Kensington and Chelsea, Westminster and Hammersmith and Fulham have run the services in partnership since 2011. The government has frequently praised the ‘Tri-Borough’ as delivering improvements in children’s services, with services in two of the three authorities rated ‘outstanding’ by Ofsted last year.

But this week Kensington and Chelsea and Westminster councils revealed they will serve formal notice to terminate their agreement with Hammersmith and Fulham. The two councils said they would instead pursue their own partnership as a “bi-borough” from 1 April 2018.

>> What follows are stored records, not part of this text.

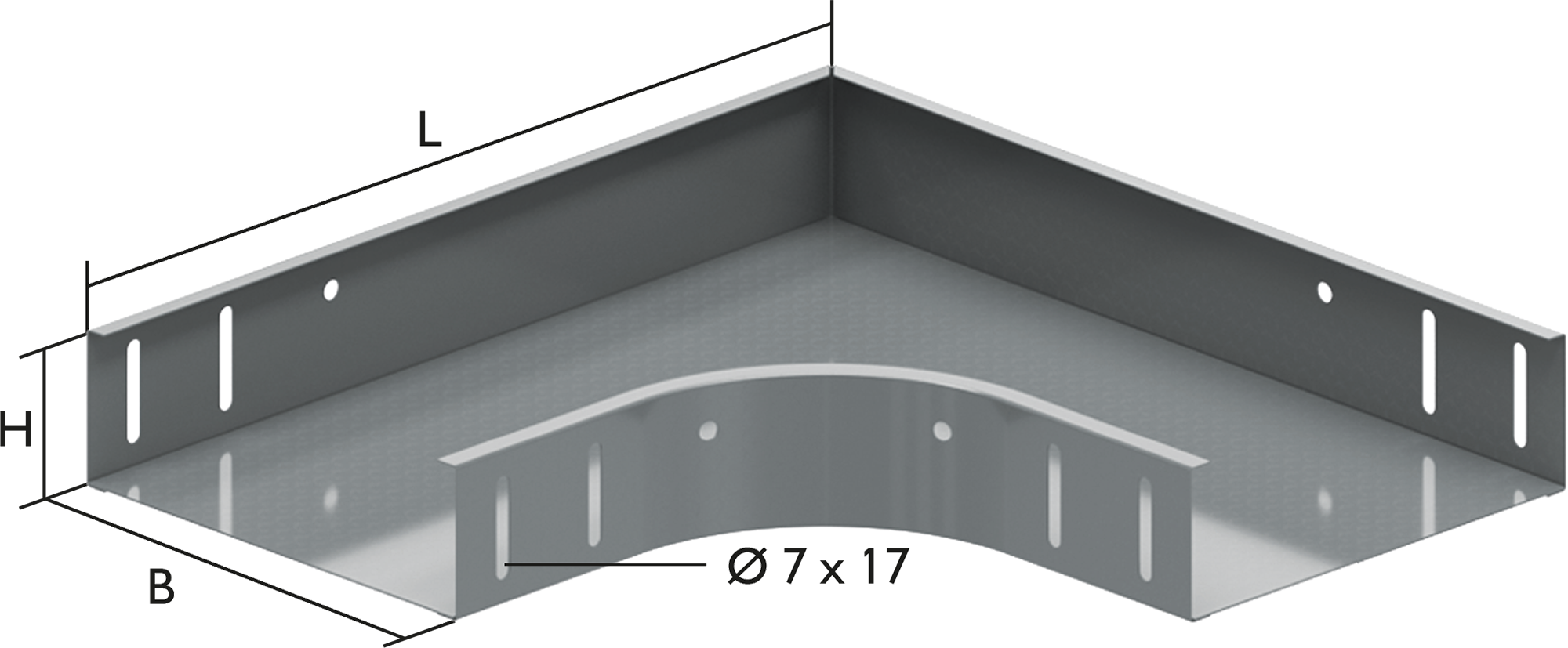 | Type Bogen KBL-B90° 600x60 mm ohne Verbinder Stahlblech, Sendzimirverzinkt | Surface protection Continuously galvanised | Suitable for cable tray height 60 mm | Suitable for cable tray width 600 mm | Product nr. 800209 | keyboard_arrow_down | |
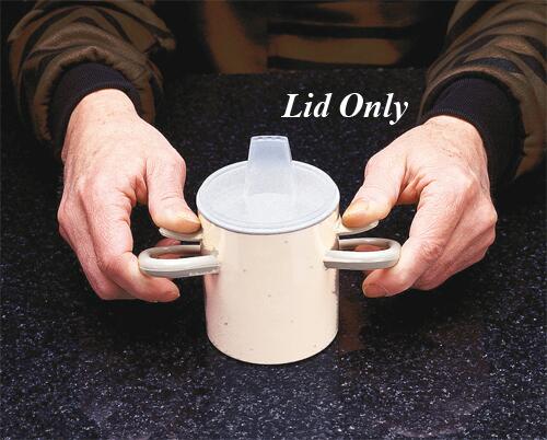 Functional and lightweight for people who have decreased grip strength wrist pain hand deformities or need to keep the wrist in a neutral position *The unique ergonomic design increases leverage of the hand and aids in raising the cup to the lips without wrist motion *The thumbs-on grip reduces the possibility of spilling due to trembling *The cup is double-walled to protect hands from heat or cold *It holds 8 ounces (237 ml) leaving 1ù (2.5 cm) of free space above the liquid to reduce spillage. Top rack dishwasher and microwave safe *cup dimensions
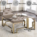 Add this Damien cocktail ottoman and end table to create a luxurious look for you living room. The sleek ottoman will match perfectly with any of your elegance sofa or be the eye catching accent piece in any room. Ottoman featuring bottom tufted fabric top, you can either display and storage accessories or sit comfortably on it. End table featuring 5mm clear tempered glass top, you can display and storage accessories on it. The geometric metal base in champagne provides a durable construction and also elegant look. This collection will be the excellent piece for any decor. Ottoman measures 36" x 36" x 18"H. End table measures 24" x 24" x 24"H.
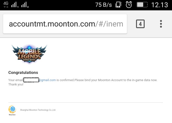 Setelah menekan tombol submit kamu harus melakukan verifikasi akun, dan bisa memerikanya pada email yang sudah kamu daftarkan di atas. Dalam email klik saja alamat / url yang tersedia atau yang sudah dikirim, maka kamu akan mendapati tampilan browser seperti di bawah ini setelah akun kamu terverifikasi. Yang menandakan email kamu sudah terdaftar pada Akun Moonton.

In a statement, Kensington and Chelsea and Westminster said the move was a result of Hammersmith and Fulham planning to set up its own in-house arrangements for services without consulting the other two councils.

‘Puzzling move’

Westminster’s council leader Nickie Aiken said: “We would not have chosen to end the tri-borough arrangements, which we believe have been a great success. However, we feel we are unable to continue with the tri-borough when we have a partner that we do not believe is committed to it as we are and appears to be making their own plans to leave.”

Nick Paget-Brown, council leader at Kensington and Chelsea, added: “What is so puzzling about Hammersmith and Fulham’s actions is that our shared children’s services department is nationally recognised as outstanding and our shared adult social care services have demonstrably stood up to the national crisis in social care than those in most other places.

“We will now press Hammersmith and Fulham to work with us to preserve what remains of service sharing and ensure that the unstitching of adults, children’s and public health does as little harm as possible to the people who rely on our services.”

‘Botched contracts’

Stephen Cowan, leader of Hammersmith and Fulham council, said: “We’ve had concerns for some time about the value of the ‘tri-borough’, its lack of transparency and its built-in conflicts.

“In our last two budgets, we found £31m in savings, but the tri-borough contributed no more than £200,000 of that, less than 1%. Problems with tri-borough contracts, procured by Westminster council, have cost Hammersmith and Fulham over £5m, including the botched contract for special needs transport that put our disabled children at risk.”

He added: “Triggering withdrawal is evidently a long-planned move by the two councils. I look forward to having sensible discussions with them about how we can all move on.”

More from Community Care

4 Responses to Councils to scrap ‘Tri-borough’ deal for social care services

  1. Erick March 30, 2017 at 11:01 am #

    Much muppetry – this sort of thing is exactly why they need to merge the ridiculous number of London Boroughs down to something more sustainable…

  2. Longtime SW March 30, 2017 at 11:23 am #

    ” . . . . . . . . . Problems with tri-borough contracts, procured by Westminster council, have cost Hammersmith and Fulham over £5m, including the botched contract for special needs transport that put our disabled children at risk.”

    Presumably those contracts were with ‘The Usual Suspects’ privatisation sharks??

    Only asking . . . . . .

  3. Stuart March 30, 2017 at 4:35 pm #

    Clearly these problems won’t arise in the Tory driven merging of adoption services into Regional Adoption Agencies….

  4. Louise March 30, 2017 at 10:56 pm #

    Let’s hope this is the start of the end of this merging lark and other boroughs who have been blinded by the false promise of savings will see sense. This sort of thing doesn’t work. The vulnerable suffer and stable permanent teams fall apart while the brains behind it are not held to account.